2.2. performance measurements In order to compare biometric systems, several terms are defined to assess the quality of a biometric. The performance measurements of biometric systems are divided into four categories: false reject rate (FRR), false accept rate (FAR), crossover error rate (CER) / equal error rate (EER), failure to acquire (FTA) / failure to enroll (FTE). Table 3.1 shows a brief description of these performance measurements17. Table 3.1-Measures of Evaluation Measurement Description False Reject Rate (FRR) Measures the number of times an authorized user is

wrongly refused access to the protected system.

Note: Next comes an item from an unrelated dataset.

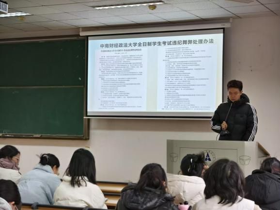 之后,张宸浩带领同学们再次学习了《中南财经政法大学全日制学生考试违纪舞弊处理办法》。张老师着重强调严防作弊,诚信应考的重要性。考试是对学生知识和品德的双重考验,要求同学们严格遵守考试纪律,树立诚实守信的价值观,以真实水平展现自己的学习成果。

False Accept Rate (FAR) Measures the number times an authorized user is accepted and therefore wrongly admitted to the protected system thus enabling a security breach.

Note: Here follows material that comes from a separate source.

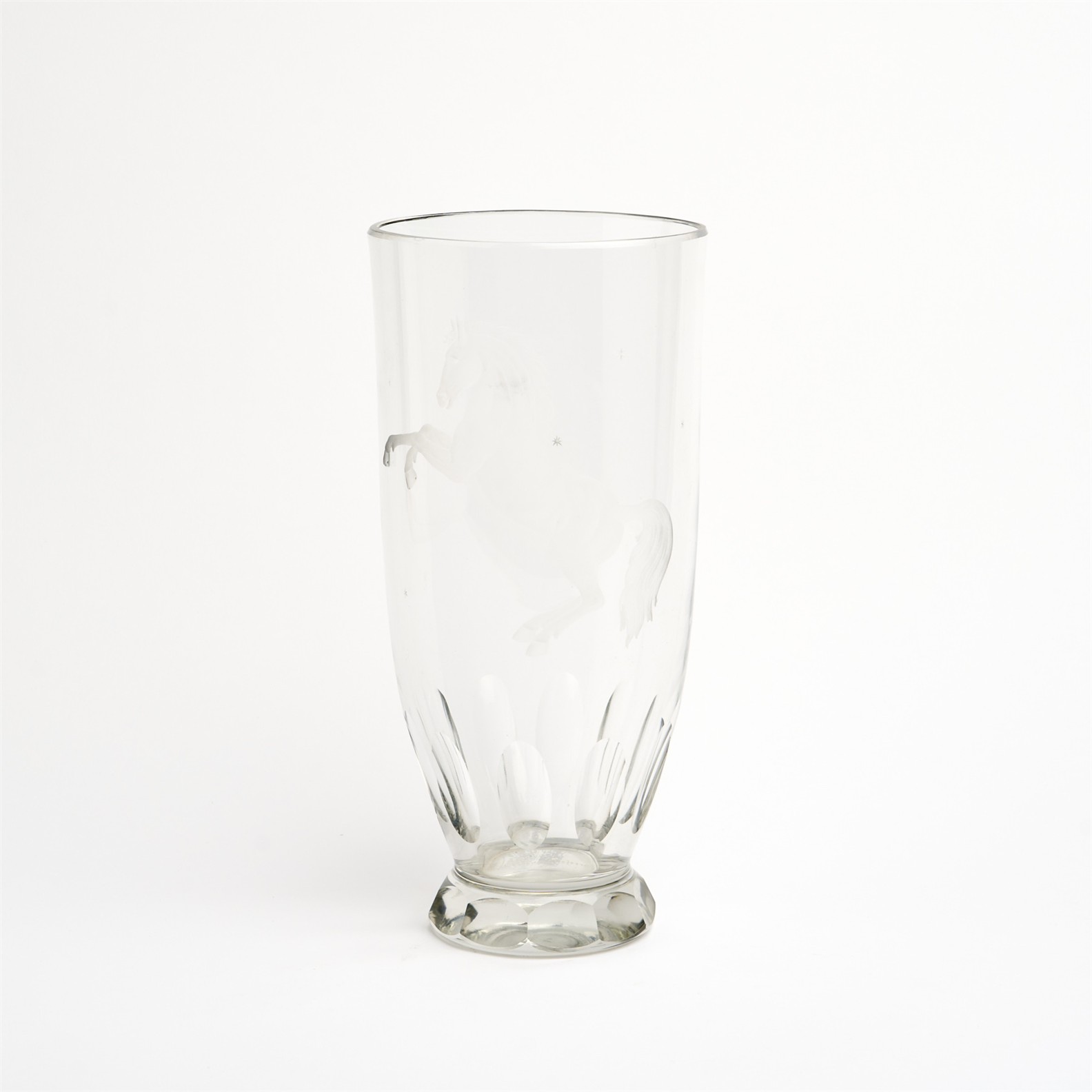 AN ORREFORS VASE WITH ETCHED STALLION DECORATION H.29CM

Crossover Error Rate (CER) / Equal Error Rate (EER)

FRR equals to FAR

Failure to Acquire (FTA) / Failure to Enroll (FTE) Failure to correctly capture features Many biometric devices can be adjusted to favor security or user convenience. The false reject rate (FRR), is typically set statistically to a figure between 2% and 5%, while false accept rates are set between 0.5% and 0.1% 17. Higher security applications will have a lower than normal FAR and a more convenient system will have a lower than normal FRR. A rise in FAR corresponds to a drop in FRR, and vice-versa. Equal error rate (EER), which is also known as crossover error rate (CER), occurs when the false reject rate and the false accept rate are equal. The lower the equal error rate is the better the system’s performance. The equal error rate is often used to gauge the overall effectiveness of a biometric system, as the sensitivity of a biometric system is usually adjusted to equalize false acceptance and rejection. Failure to acquire (FTA) means that the biometric device was not able to capture a good image. Failure to enroll rate (FTE) is the percentage of people that do not have sufficient sample quality to enroll on a given biometric system. Each biometric device has such a shortcoming. Some examples of failures to enroll can be cause by a finger pressing down too hard on a finger scanner, background noise or hoarseness in voice recognition, and sunlight shining on an iris scanning capture device.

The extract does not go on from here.